KAOS
- Olympia, Washington; United States;
- Frequency: 89.3 MHz (HD Radio)

Programming
- Format: Variety
- Affiliations: Pacifica Radio Network

Ownership
- Owner: The Evergreen State College

History
- First air date: January 8, 1973
- Call sign meaning: "Chaos"; reference to the spy agency in the television series Get Smart

Technical information
- Licensing authority: FCC
- Facility ID: 65611
- Class: A
- ERP: 1,250 watts
- HAAT: 74 meters (243 ft)
- Transmitter coordinates: 47°0′58.00″N 122°54′57.00″W﻿ / ﻿47.0161111°N 122.9158333°W

Links
- Public license information: Public file; LMS;
- Webcast: Listen live
- Website: www.kaosradio.org

= KAOS (FM) =

College-community radio station in Olympia, Washington, US

KAOS (89.3 FM) is a hybrid college–community radio station licensed to the Evergreen State College in Olympia, Washington. It broadcasts with an effective radiated power of 1.25 kilowatts, and streams via the internet. The station offers radio broadcasting training to students of the college as well as members of the local community.

==History==
Dean Katz of The Evergreen State College founded KAOS. When he traveled to Seattle to apply for the station license, his official papers had the radio station's call letters as KESC (for "Evergreen State College.") However, unbeknownst to his adviser and almost everyone else, Katz substituted the initials of the fictional spy agency in the TV show Get Smart. The license was granted under his surprise application, and broadcasts began on January 8, 1973.
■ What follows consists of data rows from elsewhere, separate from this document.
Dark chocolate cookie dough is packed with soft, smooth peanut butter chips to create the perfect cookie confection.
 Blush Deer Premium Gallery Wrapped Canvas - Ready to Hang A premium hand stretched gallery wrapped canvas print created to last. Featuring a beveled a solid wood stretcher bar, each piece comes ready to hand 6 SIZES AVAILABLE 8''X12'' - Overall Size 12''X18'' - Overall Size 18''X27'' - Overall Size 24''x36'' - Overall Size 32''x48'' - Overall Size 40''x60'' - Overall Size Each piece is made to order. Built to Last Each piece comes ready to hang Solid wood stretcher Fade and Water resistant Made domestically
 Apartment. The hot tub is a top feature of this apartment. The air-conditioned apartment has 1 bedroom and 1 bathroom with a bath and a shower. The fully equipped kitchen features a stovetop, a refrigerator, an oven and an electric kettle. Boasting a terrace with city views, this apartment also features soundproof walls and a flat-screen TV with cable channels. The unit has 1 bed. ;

The station has been a mainstay in Olympia's local music scene, including a famous early appearance by Skid Row (Nirvana) on May 6, 1987 (their fourth public appearance and first-ever radio broadcast) and a Kurt Cobain solo acoustic performance on September 25, 1990 (both included on the Nirvana box set With the Lights Out).

==Programming==
KAOS's mission is to present voices that are underrepresented in mainstream media. This includes Native American, Women's, Hispanic, alternative news programs, and independent music. KAOS broadcasts several syndicated public affairs programs from Pacifica Radio, including Amy Goodman's Democracy Now! and David Barsamian's Alternative Radio, as well as original, locally produced public affairs shows. KAOS also features a wide variety of music, including world music, jazz, blues, metal, folk, experimental, garage, psychedelic, electronic, surf, alt-country, prog, free jazz, indie rock, bluegrass, dance, dub, reggae, hip hop, Latino, roots rock, R&B, and more.

===Music policy===
KAOS instituted an independent music policy in its early years. The policy requires that at least 80% of the music broadcast on the station must be from sources other than the major record labels and their subsidiaries.

==Former DJs==
Over the years, the station has had many former DJs go onto more considerable fame, Bruce Pavitt (founder of Sub Pop Records), Tobi Vail, Lois Maffeo, Mark Hosler (of Negativland), Arrington de Dionyso (of Old Time Relijun), Steve Fisk (producer and musician), Jeff Jacoby (sound artist & producer of The Traveling Radio Show), Tom Hood (founder of Hood's Woods Music), Calvin Johnson (of Beat Happening and founder of K Records), and John Foster (founder of OP Magazine).